>>>>

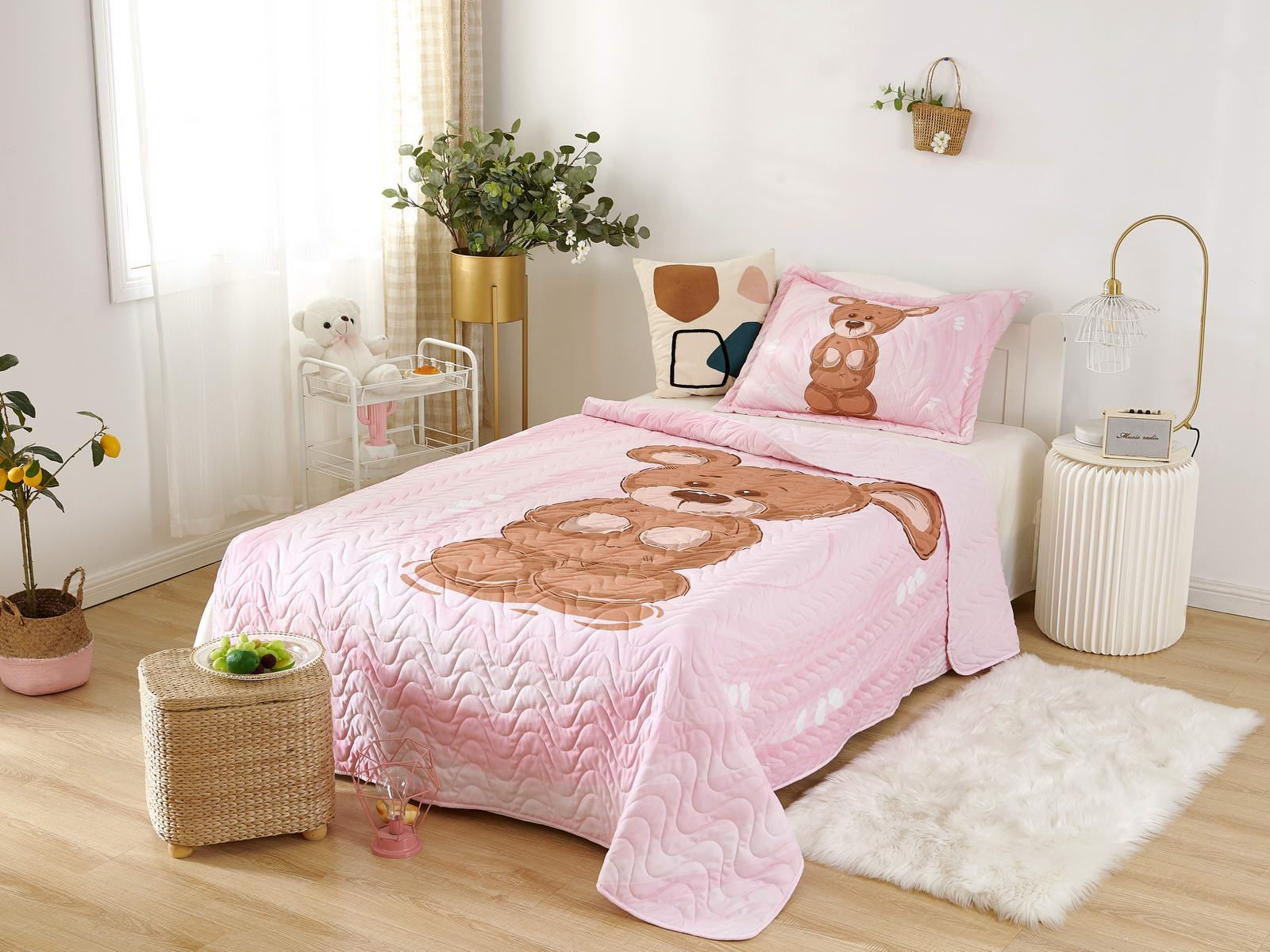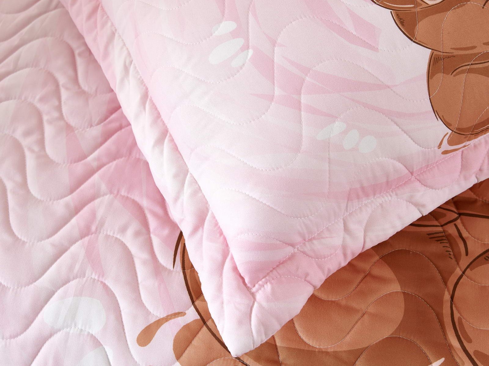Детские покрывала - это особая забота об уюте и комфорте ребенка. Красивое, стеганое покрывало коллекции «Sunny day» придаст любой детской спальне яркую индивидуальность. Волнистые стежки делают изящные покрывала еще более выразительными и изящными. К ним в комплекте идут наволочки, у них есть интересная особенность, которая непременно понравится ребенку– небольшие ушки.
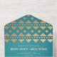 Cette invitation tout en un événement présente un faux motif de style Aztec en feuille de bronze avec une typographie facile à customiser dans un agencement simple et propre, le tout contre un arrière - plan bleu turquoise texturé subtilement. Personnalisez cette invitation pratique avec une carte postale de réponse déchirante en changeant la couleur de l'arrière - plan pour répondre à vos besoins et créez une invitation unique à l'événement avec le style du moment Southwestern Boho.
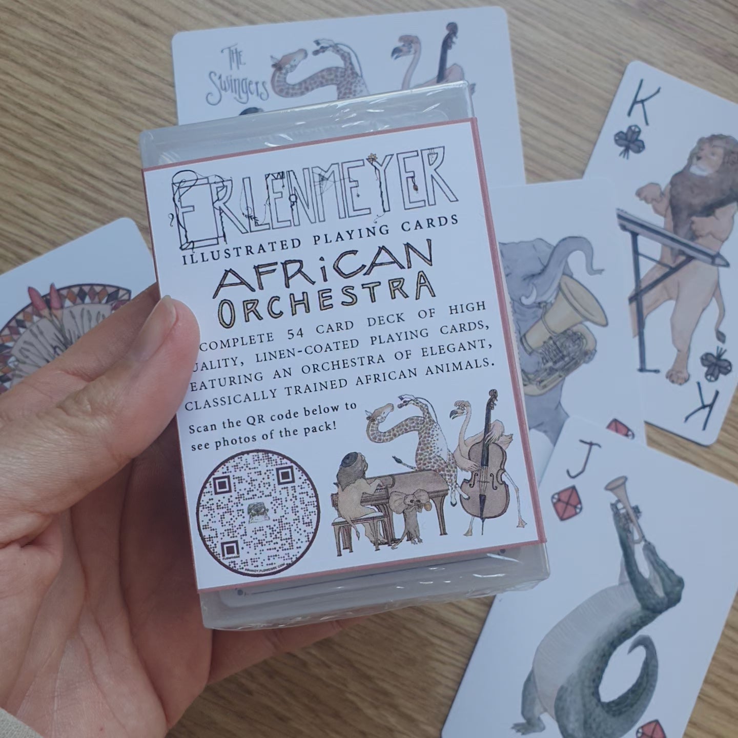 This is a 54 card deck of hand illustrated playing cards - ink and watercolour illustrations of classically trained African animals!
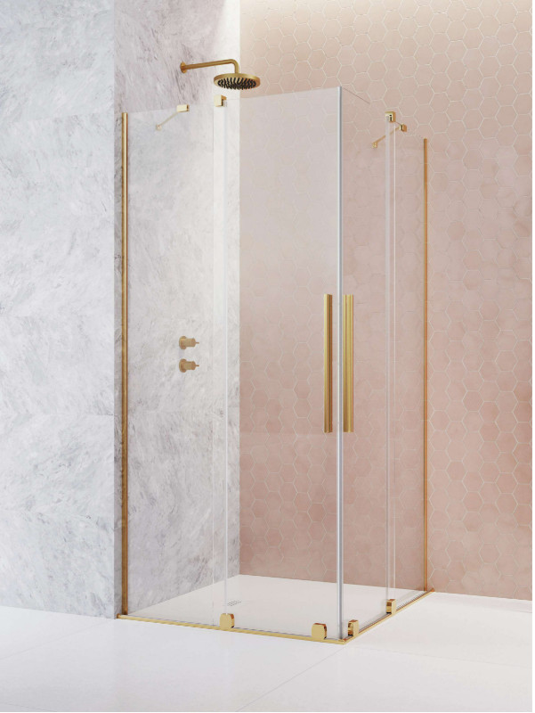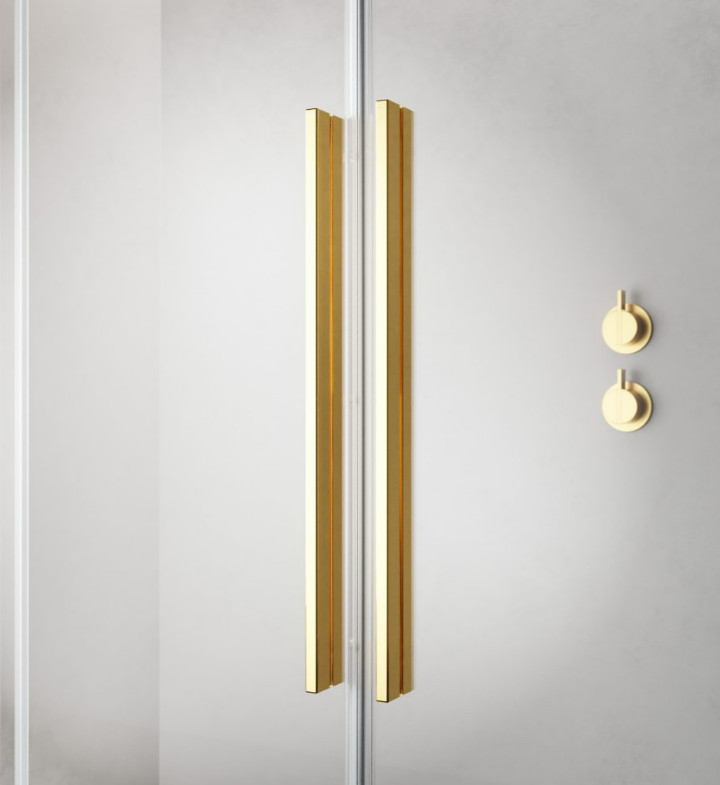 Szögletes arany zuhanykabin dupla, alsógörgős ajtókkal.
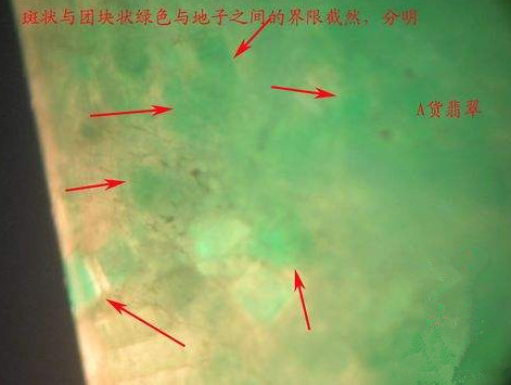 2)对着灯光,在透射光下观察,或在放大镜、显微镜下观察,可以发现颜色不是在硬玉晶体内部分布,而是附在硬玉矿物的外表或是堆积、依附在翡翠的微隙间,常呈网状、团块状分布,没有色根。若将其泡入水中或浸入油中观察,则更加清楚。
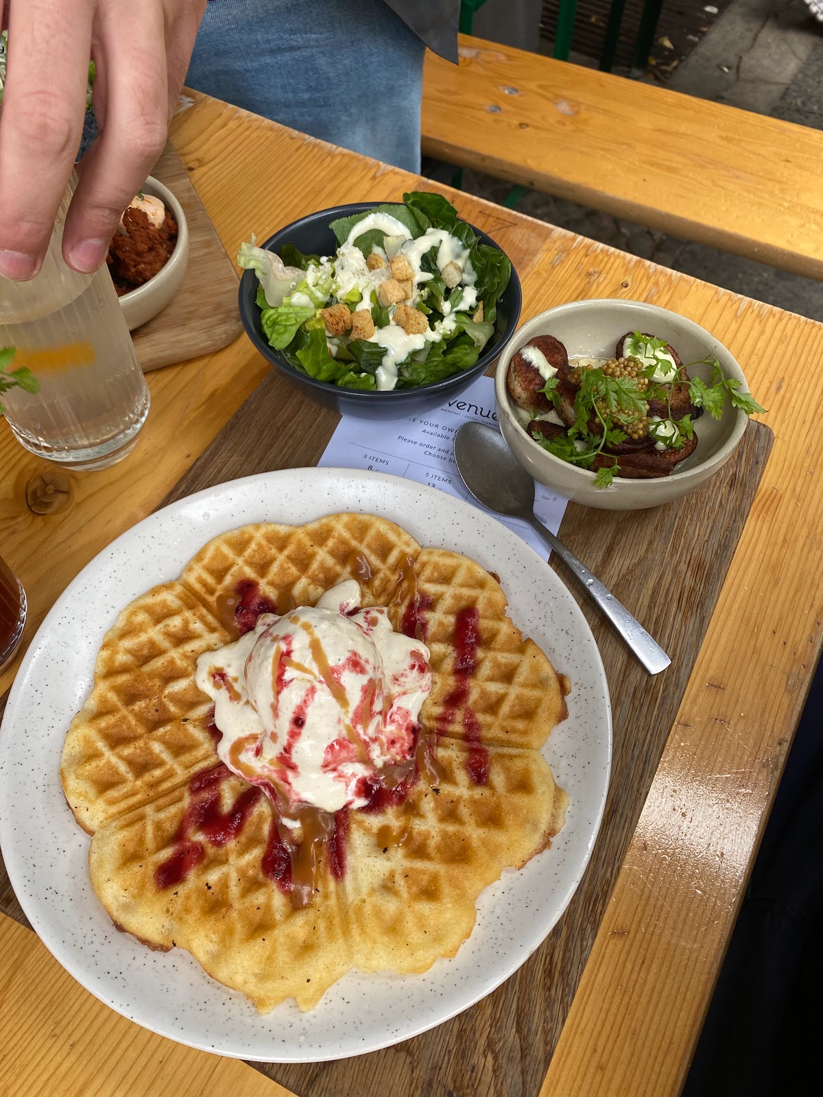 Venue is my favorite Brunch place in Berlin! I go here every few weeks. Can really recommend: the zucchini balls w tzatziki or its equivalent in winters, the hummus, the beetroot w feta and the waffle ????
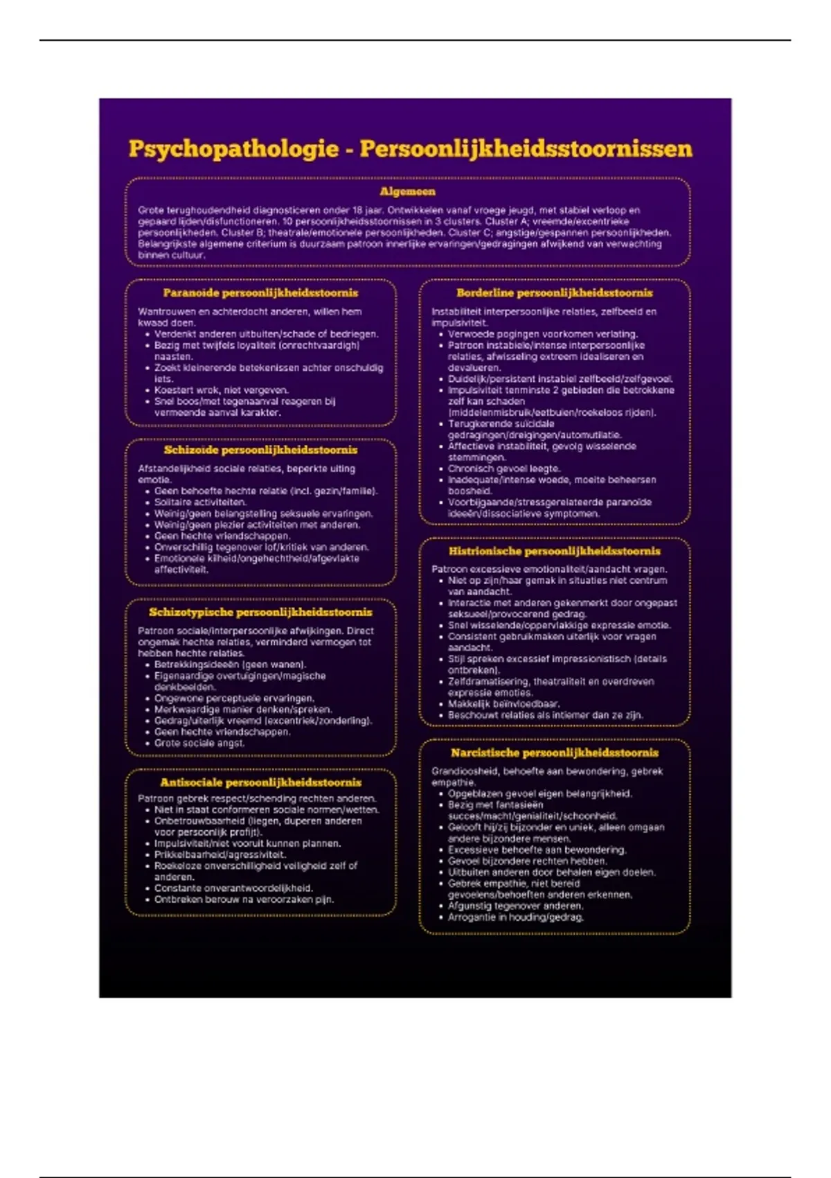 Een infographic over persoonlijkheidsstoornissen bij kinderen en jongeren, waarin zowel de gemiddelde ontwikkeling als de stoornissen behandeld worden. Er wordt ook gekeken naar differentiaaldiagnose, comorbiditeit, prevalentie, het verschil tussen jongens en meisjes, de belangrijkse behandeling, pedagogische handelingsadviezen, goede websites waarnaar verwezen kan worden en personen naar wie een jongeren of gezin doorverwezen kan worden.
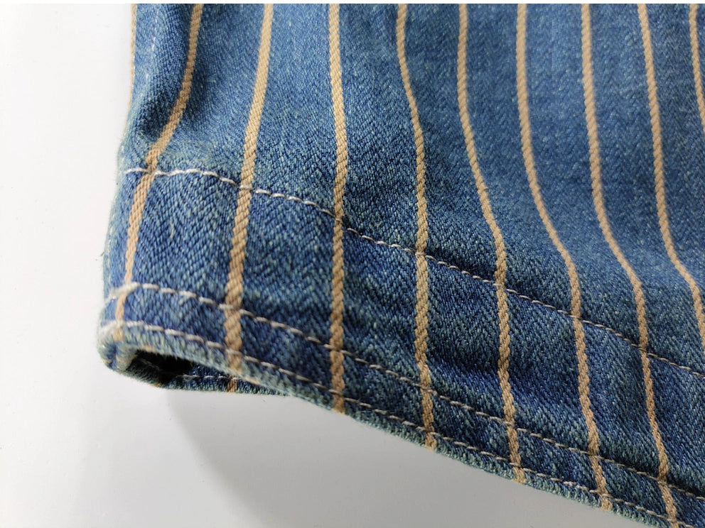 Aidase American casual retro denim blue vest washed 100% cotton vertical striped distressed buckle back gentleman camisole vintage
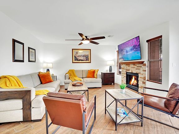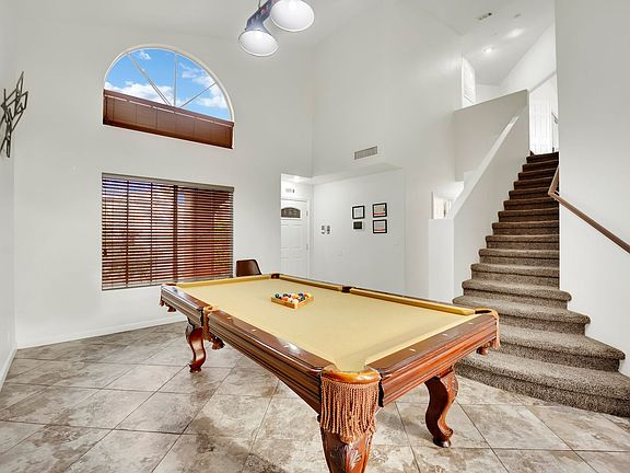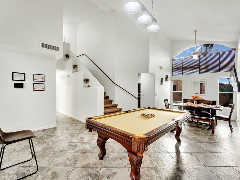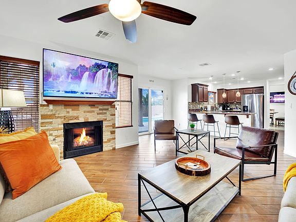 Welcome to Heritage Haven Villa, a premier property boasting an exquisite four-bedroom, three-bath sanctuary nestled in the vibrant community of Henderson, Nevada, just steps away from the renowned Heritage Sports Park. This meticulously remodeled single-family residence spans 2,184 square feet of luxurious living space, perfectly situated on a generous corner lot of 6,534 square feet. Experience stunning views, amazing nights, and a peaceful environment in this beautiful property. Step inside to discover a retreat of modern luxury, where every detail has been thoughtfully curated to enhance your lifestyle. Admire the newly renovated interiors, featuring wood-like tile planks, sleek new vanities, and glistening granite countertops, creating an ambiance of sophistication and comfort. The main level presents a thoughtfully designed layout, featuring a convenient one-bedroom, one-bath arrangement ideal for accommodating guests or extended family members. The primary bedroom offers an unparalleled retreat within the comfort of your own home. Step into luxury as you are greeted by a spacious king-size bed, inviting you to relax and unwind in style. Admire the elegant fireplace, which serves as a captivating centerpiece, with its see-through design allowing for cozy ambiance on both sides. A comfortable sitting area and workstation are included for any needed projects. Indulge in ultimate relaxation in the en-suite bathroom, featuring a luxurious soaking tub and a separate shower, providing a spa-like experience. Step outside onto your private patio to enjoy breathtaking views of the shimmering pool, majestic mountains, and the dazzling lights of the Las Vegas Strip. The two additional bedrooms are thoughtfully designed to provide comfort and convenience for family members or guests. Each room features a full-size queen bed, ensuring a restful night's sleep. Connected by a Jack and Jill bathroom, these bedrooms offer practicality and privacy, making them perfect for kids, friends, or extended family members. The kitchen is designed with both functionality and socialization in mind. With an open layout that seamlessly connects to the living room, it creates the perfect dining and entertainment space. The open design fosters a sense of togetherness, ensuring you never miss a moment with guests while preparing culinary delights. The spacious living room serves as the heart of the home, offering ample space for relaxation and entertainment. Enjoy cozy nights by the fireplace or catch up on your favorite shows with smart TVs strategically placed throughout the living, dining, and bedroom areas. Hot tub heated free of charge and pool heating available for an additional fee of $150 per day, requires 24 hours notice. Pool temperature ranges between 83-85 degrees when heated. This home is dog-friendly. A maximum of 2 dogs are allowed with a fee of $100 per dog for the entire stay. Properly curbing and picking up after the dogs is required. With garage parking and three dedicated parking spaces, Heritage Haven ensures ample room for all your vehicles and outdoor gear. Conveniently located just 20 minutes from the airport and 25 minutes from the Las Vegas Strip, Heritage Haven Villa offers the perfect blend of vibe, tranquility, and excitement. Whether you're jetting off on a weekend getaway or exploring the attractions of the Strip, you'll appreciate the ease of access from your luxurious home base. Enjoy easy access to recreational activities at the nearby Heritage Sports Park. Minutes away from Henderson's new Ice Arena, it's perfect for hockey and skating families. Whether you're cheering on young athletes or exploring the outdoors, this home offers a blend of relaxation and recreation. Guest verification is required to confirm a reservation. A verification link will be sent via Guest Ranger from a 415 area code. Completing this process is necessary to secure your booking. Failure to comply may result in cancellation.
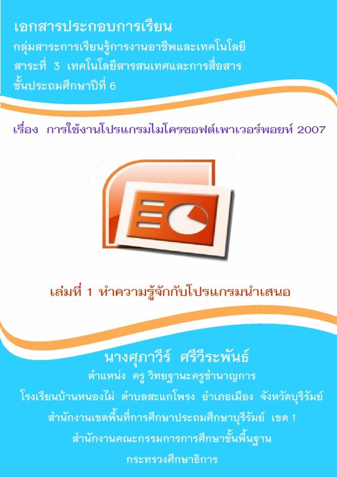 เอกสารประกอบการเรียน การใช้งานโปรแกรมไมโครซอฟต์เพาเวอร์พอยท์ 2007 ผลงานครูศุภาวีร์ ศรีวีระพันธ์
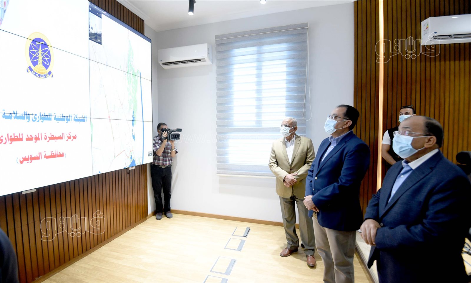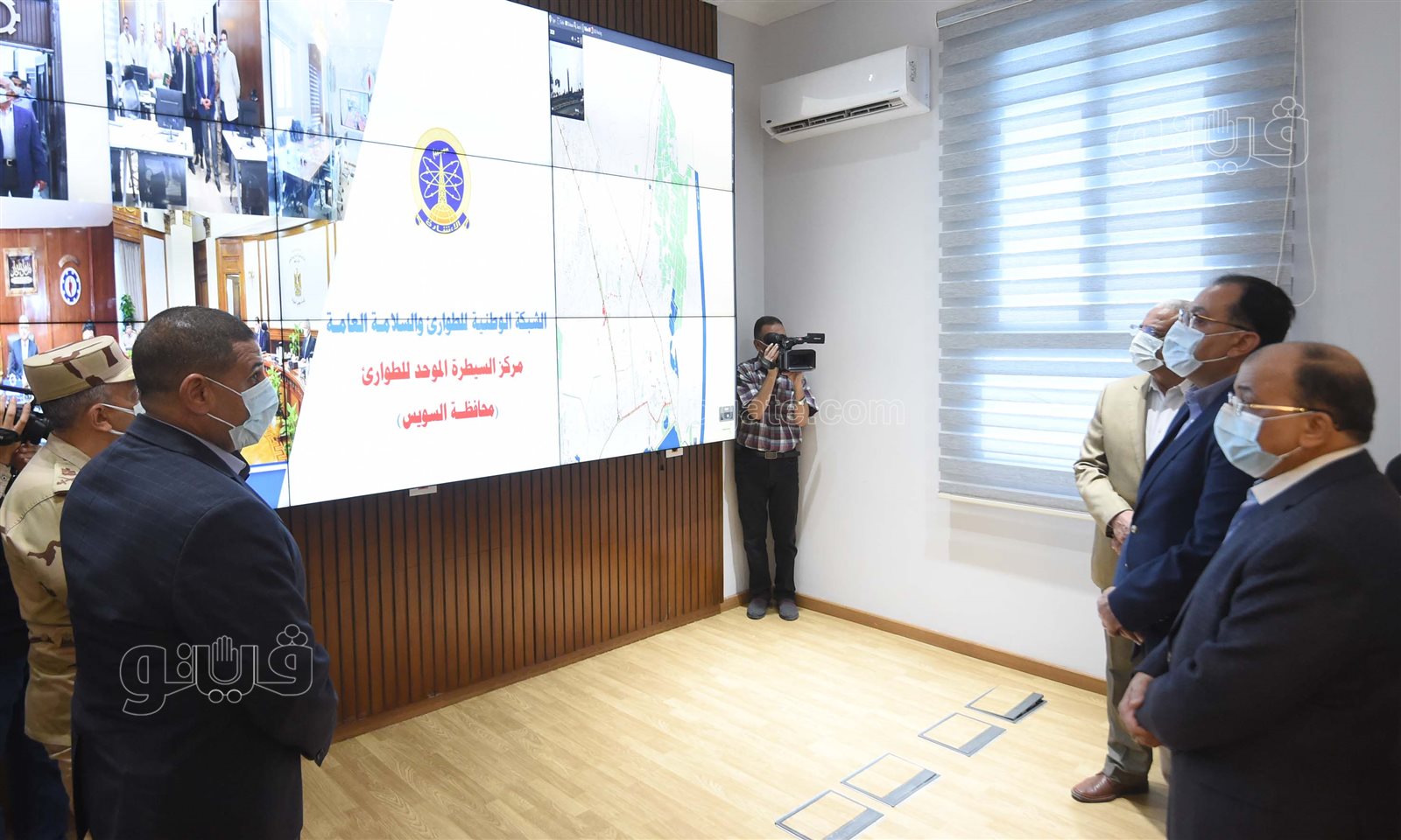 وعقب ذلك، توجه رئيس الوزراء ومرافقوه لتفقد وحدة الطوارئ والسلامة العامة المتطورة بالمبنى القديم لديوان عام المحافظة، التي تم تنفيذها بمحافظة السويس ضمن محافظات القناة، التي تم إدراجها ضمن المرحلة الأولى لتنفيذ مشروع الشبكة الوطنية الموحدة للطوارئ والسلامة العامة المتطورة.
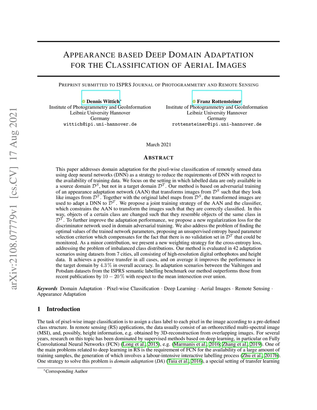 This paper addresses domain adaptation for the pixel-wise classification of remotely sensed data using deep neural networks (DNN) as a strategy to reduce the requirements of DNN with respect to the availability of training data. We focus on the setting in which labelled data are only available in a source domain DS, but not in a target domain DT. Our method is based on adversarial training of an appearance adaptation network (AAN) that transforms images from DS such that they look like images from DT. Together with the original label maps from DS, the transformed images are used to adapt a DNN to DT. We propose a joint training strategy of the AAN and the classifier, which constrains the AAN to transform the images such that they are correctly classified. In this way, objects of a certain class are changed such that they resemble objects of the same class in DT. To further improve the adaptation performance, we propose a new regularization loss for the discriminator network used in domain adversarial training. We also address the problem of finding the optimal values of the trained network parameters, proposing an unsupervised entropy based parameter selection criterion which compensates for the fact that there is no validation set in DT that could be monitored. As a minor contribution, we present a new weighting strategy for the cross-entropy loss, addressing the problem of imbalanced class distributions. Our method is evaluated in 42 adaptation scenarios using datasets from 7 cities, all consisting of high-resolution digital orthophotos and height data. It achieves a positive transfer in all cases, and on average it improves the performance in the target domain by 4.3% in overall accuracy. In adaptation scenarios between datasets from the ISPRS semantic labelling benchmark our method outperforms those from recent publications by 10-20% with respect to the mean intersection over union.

<<<<

▶ [Task directions]: Using the data above, retype exactly and only the lines from the one containing "Venue is my" up to and including the one containing "Aidase American casual", with no pictures carried over.

▶ [Answer section]:
 Venue is my favorite Brunch place in Berlin! I go here every few weeks. Can really recommend: the zucchini balls w tzatziki or its equivalent in winters, the hummus, the beetroot w feta and the waffle ????
 Een infographic over persoonlijkheidsstoornissen bij kinderen en jongeren, waarin zowel de gemiddelde ontwikkeling als de stoornissen behandeld worden. Er wordt ook gekeken naar differentiaaldiagnose, comorbiditeit, prevalentie, het verschil tussen jongens en meisjes, de belangrijkse behandeling, pedagogische handelingsadviezen, goede websites waarnaar verwezen kan worden en personen naar wie een jongeren of gezin doorverwezen kan worden.
 Aidase American casual retro denim blue vest washed 100% cotton vertical striped distressed buckle back gentleman camisole vintage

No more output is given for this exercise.